> **Assignment**:
When you reproduce the entries below, keep each one exact and drop any pictures.

*** Opening of Records for this task ***

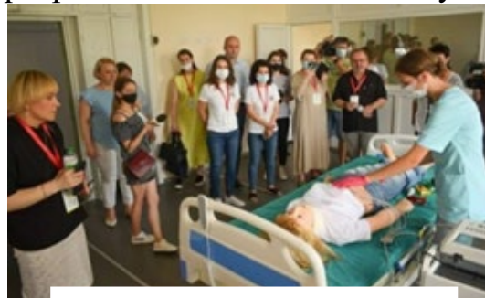
Рис. 34. Відкриття тренінгового центру, 2021 р.

Житомирський медичний інститут, є одним із шести пілотних закладів вищої медичної освіти, бере участь в Україно-швейцарському проєкті «Розвиток медичної освіти в Україні». 25 червня 2021 року за участі і фінансування Україно-швейцарського проєкту на базі інституту відкрито навчально-тренінговий центр площею 800 квадратних метри. В його Структурі є 13 навчальних кімнат, в яких здійснюється практична підготовка здобувачів Закладу (рис. 34).
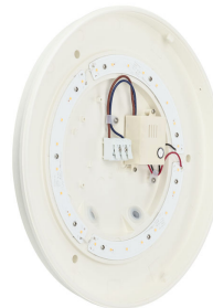
Ledinaire Wall-mounted- WL060V_LED17S-1DPP.tif
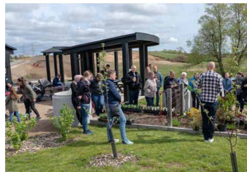
Plantedag i Byhaven

belysning og enkelte friarealer er overdraget til Høje-Taastrup Kommunes drift. De enkelte boligbebyggelser og deres udeområder passes af ejerne og bebyggelsernes grundejerforeninger. De større fællesområder og fællesfaciliteter som blandt andet Loopet, Sejlbjerg Mose, udekøkkenet, kvarterhusene og parkeringshusene er overdraget til drift og vedligeholdelse hos Bydelsforeningen Nærheden, der har alle grundejerforeninger som medlemmer. Bydelsforeningen benytter selskabet Newsec til at varetage foreningens administration og styring af driftsopgaverne.
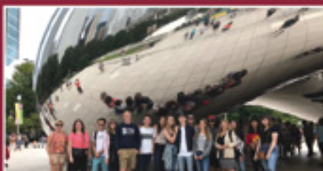
Jumelages : la jeunesse à l'honneur p.4

*** Close of Records for this task ***

> **Solution for this task**:
Рис. 34. Відкриття тренінгового центру, 2021 р.

Житомирський медичний інститут, є одним із шести пілотних закладів вищої медичної освіти, бере участь в Україно-швейцарському проєкті «Розвиток медичної освіти в Україні». 25 червня 2021 року за участі і фінансування Україно-швейцарського проєкту на базі інституту відкрито навчально-тренінговий центр площею 800 квадратних метри. В його Структурі є 13 навчальних кімнат, в яких здійснюється практична підготовка здобувачів Закладу (рис. 34).
Ledinaire Wall-mounted- WL060V_LED17S-1DPP.tif
Plantedag i Byhaven

belysning og enkelte friarealer er overdraget til Høje-Taastrup Kommunes drift. De enkelte boligbebyggelser og deres udeområder passes af ejerne og bebyggelsernes grundejerforeninger. De større fællesområder og fællesfaciliteter som blandt andet Loopet, Sejlbjerg Mose, udekøkkenet, kvarterhusene og parkeringshusene er overdraget til drift og vedligeholdelse hos Bydelsforeningen Nærheden, der har alle grundejerforeninger som medlemmer. Bydelsforeningen benytter selskabet Newsec til at varetage foreningens administration og styring af driftsopgaverne.
Jumelages : la jeunesse à l'honneur p.4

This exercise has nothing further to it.